Lo ocurrido estos días en los municipios de Baza y Guadix nos deja una enseñanza clara: no es lo mismo un gobierno que actúa con principios, que uno que prefiere esconder la cabeza. Mientras en Guadix el Ayuntamiento condenó con firmeza el ataque a la sede del PSOE, en Baza el equipo de gobierno —del PP y la ultraderecha— ha optado por el silencio. Y no ha sido un silencio cualquiera, sino uno que duele, que desconcierta y que, la verdad es que, preocupa tanto o más que los propios ataques.
Guadix reaccionó como debe hacerlo una institución pública: con claridad, contundencia y sin ambigüedades. Entienden algo fundamental: atacar una sede política no es un acto vandálico más. Es un golpe directo a la democracia, a la posibilidad de debatir, discrepar y convivir en paz. Y cuando eso ocurre, no hay lugar para medias tintas.
Pero en Baza… en Baza la cosa ha ido por otro camino. Dos ataques a la sede del PSOE, y ni una palabra. Ni un gesto. Ni un mínimo comunicado de condena. Es como si miraran hacia otro lado, esperando que el problema se esfume solo. Y no, no funciona así. El silencio, en estos casos, no es neutral. Es un mensaje. Y el mensaje que están mandando es terrible: restar importancia a lo ocurrido. Quitarle urgencia. Quitarle gravedad.
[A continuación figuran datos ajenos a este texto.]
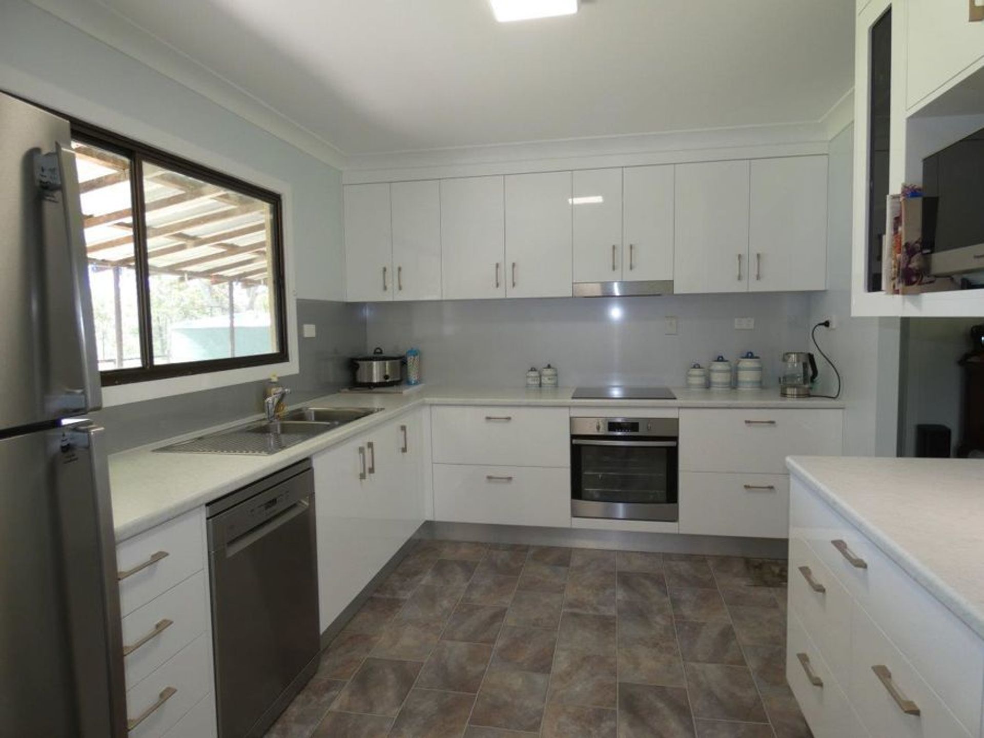Recently renovated, the home has an open plan lounge & dining room. The kitchen is modern with electric cooking, a dishwasher and heaps of bench space and pull-out drawers. Fans throughout, the living area has air conditioning as does the main bedroom which also has a built-in wardrobe. The bathroom is also modern with a great shower and both the laundry and toilet are in separate rooms. Hot water is electric and total rainwater collection is approx. 17,000 gallons. Verandahs wrap around 4 sides of the home.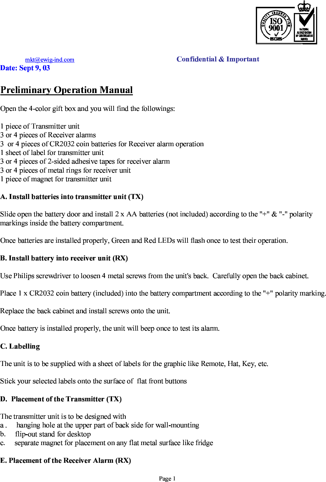 Tlx : 47945 EWIG HX Cable : EWIGINTL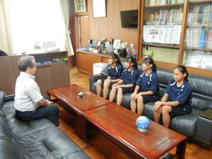 9月17日(火)、チアリーディングやアーティスティックスイミングで全国大会に出場し、活躍した生徒たちが校長室を訪れ、活動報告しました。明るく爽やかに受け答えする姿から、今まで積み上げてきた努力が自信につながっていると感じました。来年はさらなる飛躍をめざして頑張ってください!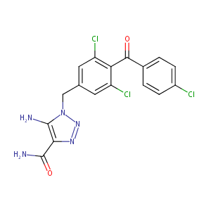 C1=CC(=CC=C1C(=O)C2=C(C=C(C=C2Cl)CN3C(=C(N=N3)C(=O)N)N)<br />Cl)Cl

Y es que, ¿cómo explicar que un mismo hecho reciba respuestas tan opuestas? Por un lado, la responsabilidad. Por el otro, la indiferencia. Da qué pensar, ¿verdad? Da la impresión de que para algunos la democracia es solo una palabra bonita que se usa en los discursos, pero no algo por lo que hay que mojarse cuando las cosas se ponen feas.
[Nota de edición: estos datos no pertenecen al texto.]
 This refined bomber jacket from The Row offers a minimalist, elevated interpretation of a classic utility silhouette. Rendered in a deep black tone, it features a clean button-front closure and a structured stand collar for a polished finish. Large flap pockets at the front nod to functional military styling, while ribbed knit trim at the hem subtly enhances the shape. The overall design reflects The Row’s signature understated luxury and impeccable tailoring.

La verdad es que duele ver cómo se normalizan este tipo de agresiones. Duele porque una sede política no es cuatro paredes: es un espacio de trabajo, de encuentro, de participación. Es el lugar donde la gente se organiza para mejorar su pueblo. Atacarlo es como decir: “tu voz no merece respeto”. Y callar ante eso… es como secundar el mensaje.
Además, no es la primera vez que ocurre. Son ya dos ataques en Baza. Y el equipo de gobierno local —formado por el PP y la ultraderecha— sigue sin dar explicaciones. Sin condenar. Sin aparecer. Y uno se pregunta: ¿qué tendría que pasar para que reaccionen? ¿Otro ataque? ¿Uno más grave? ¿O acaso piensan que con no hablar, el conflicuto desaparece?
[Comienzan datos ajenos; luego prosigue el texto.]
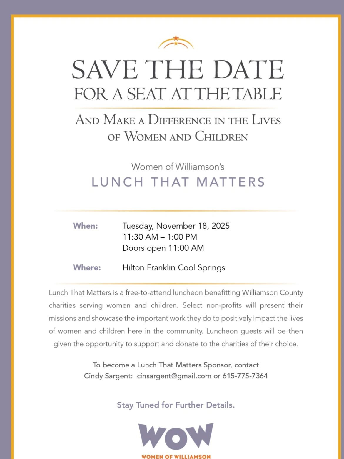 Women of Williamson will be hosting it's annual Lunch That Matters to raise funds for Williamson County non-profits who support women and children. Plan to join us at the Hilton in Cool Springs on November 18th.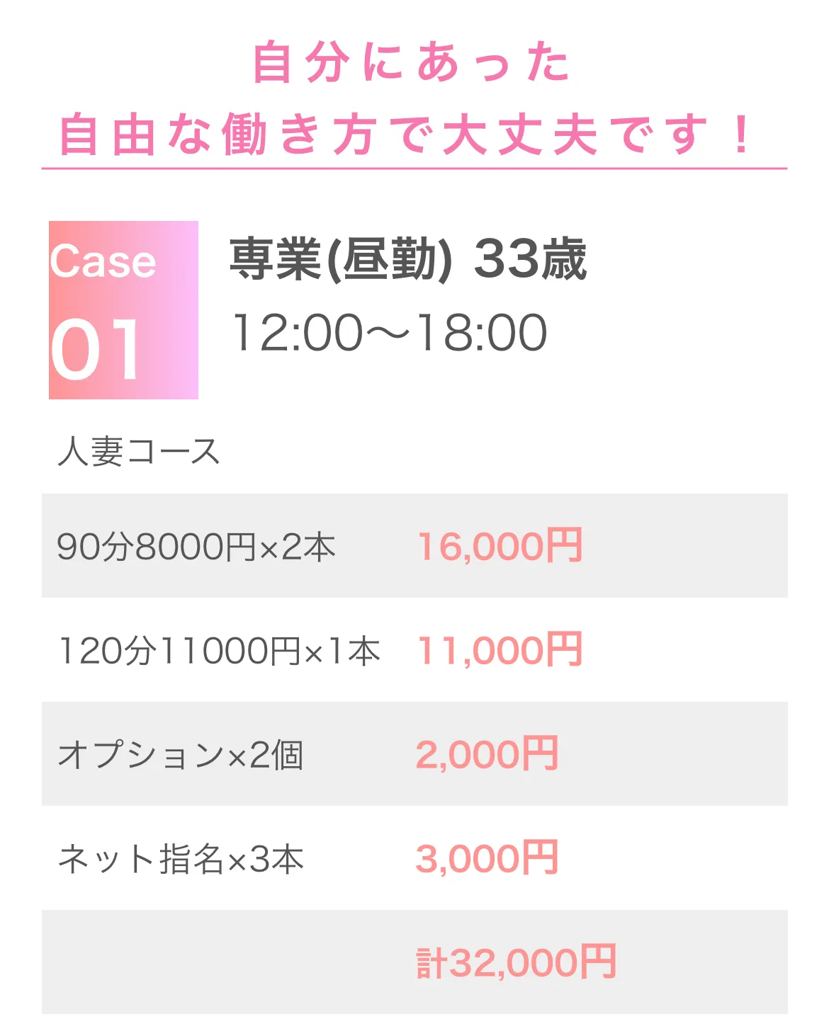 →ネット指名1000+オプションも入ってきやすいので↑のバック+2000~3000はされます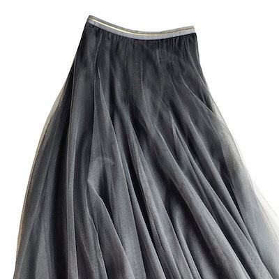 プリーツスカート 韓国 2024夏 ウエストをゆるめたミドル丈のスレンダーチュールスカート 半身チュールスカート マキシスカート レディース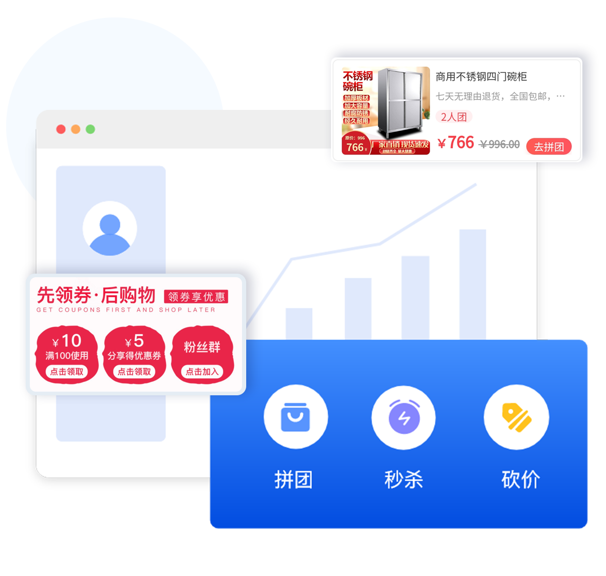 裂变拉新拼团、秒杀、砍价、群接龙等多种拉新玩法,实现商城粉丝倍增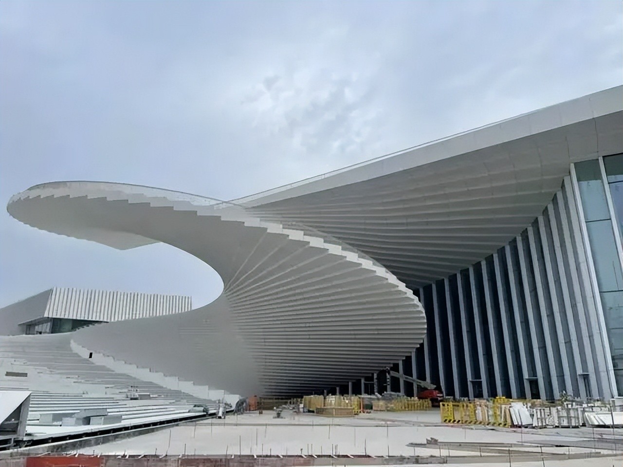从空中俯瞰,剧院就像一把徐徐展开的白色中式折扇,阶梯呈螺旋式上升,延伸至天空。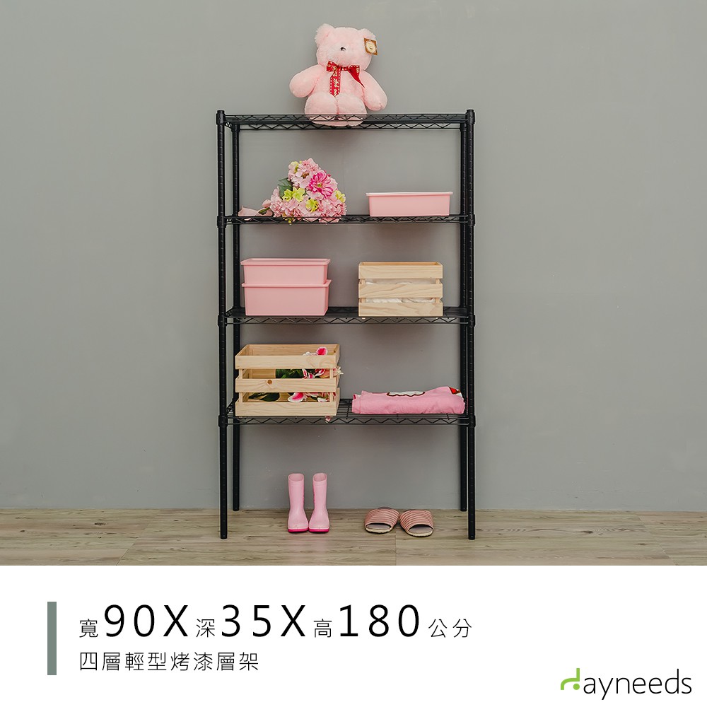 dayneeds 輕型四層置物架90x35x180公分(烤漆白)層架 鐵力士架 收納架 廚房架 置物櫃黑色|白色Shelves & Racksdayneeds收納生活館

La democracia no es solo votar cada cuatro años. Se defiende cada día. Con gestos. Con palabras. Con presencia. Y también, cómo no, con contundencia cuando alguien la amenaza. Guadix lo ha entendido a la perfección. Han dicho: “esto no puede pasar aquí”. Y con esa simple frase, mandan un apoyo claro a los afectados y un aviso a quienes pretenden alterar la paz pública.
En cambio, el silencio de Baza no solo no apaga el fuego, sino que echa más leña al conflicto. Genera desconfianza. Divide. Y lo que es peor: debilita la credibilidad de las instituciones. La gente espera coherencia y valor en sus representantes. Espera que estén ahí cuando importa.
Al final, todo se reduce a una cuestión de prioridades. Mientras unos eligen proteger el diálogo y la convivencia, otros parecen más interesados en no molestar. O en no definirse. Y así no se construye confianza. Así no se defiende la democracia.
Ojalá el equipo de gobierno local de Baza rectifique. Ojalá entienda que su deber no es solo gestionar, sino también dar ejemplo. Condenar la violencia política no es opcional. Es una obligación democrática. Y cada minuto que pasa en silencio, es un paso atrás para todos.